The next section of the copy activity was the sink (or target) configuration. Again, as for the source, this was as simple as selected the destination dataset. The JSON for the sink is as below:

        "sink": {
          "additionalProperties": null,
          "disableMetricsCollection": null,
          "flushImmediately": null,
          "ingestionMappingAsJson": null,
          "ingestionMappingName": null,
          "maxConcurrentConnections": null,
          "sinkRetryCount": null,
          "sinkRetryWait": null,
          "type": "AzureDataExplorerSink",
          "writeBatchSize": null,
          "writeBatchTimeout": null
        }

As you can see, other than the type being auto-populated, the pipeline is simply going to use the destination dataset defined in the output. Once the sink was defined, the next configuration section for the copy activity was to define the mapping between the source and the destination. For this definition, as I was configuring the pipeline using the UI, I clicked on the Import Schemas button and crossed my fingers.

After waiting for about a minute, I was greeted with an update to the UI that presented the schema mapping exactly as I intended.

This was it! 🥳 I left the remaining settings as their default, and manually triggered the pipeline. I waited patiently (for almost three and a half hours) until the pipeline was complete…

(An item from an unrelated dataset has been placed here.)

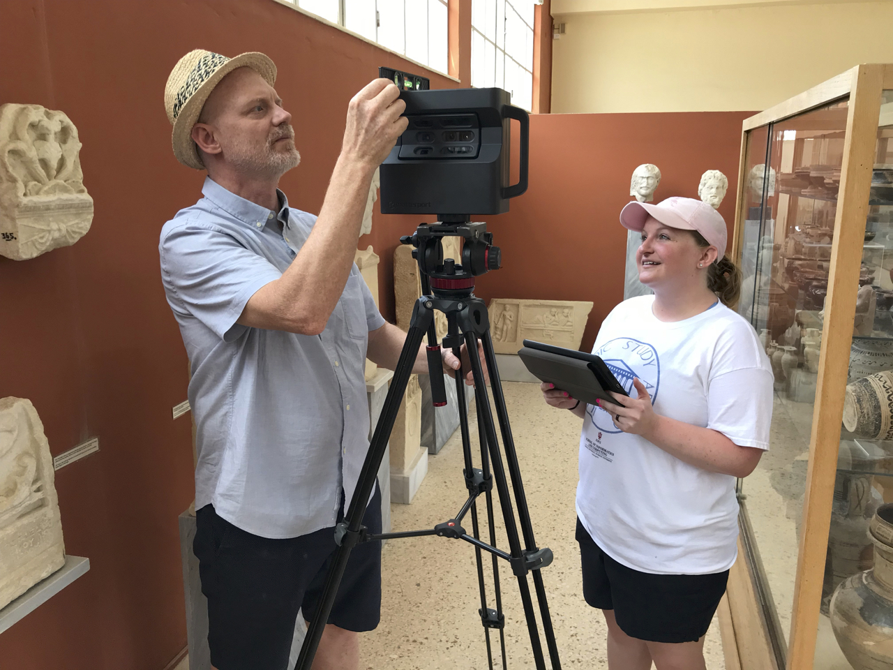 Working with a student and the Matterport camera to scan the Paros Archeological Museum.

I really couldn’t believe that after working on building this out for a couple of weeks that the pipeline succeeded, and that the data was now available for me to query in Data Explorer using KQL.

For example, if I wanted to see the latest ten records sorted by timestamp of non-bots (at least from their user agent strings) of request to html content, I could make the following query:

tablename
| extend timestamp = todatetime(strcat(['date'], 'T', ['time']))
| where ['client-useragent'] !contains 'bot'
| where ['request-uri'] contains 'html'
| sort by timestamp desc
| limit 10
| project timestamp, ['edge-location'],['request-uri']

The result from the query is presented to me in 73 ms.

The best part about this solution is that it doesn’t require any additional JavaScript to be imported into the client’s browser. The data logged is from the HTTP requests sent to CloudFront which is providing the CDN ahead of the S3 bucket where this blog is being hosted.

If you made it this far, thank you! I really enjoyed putting this solution together. I learned a ton through the process about services in Azure that I never spent time with before. As I continue building queries and better reporting from the data, I’ll follow up with another post comparing the quality of the data to that which I typically see from Google Analytics.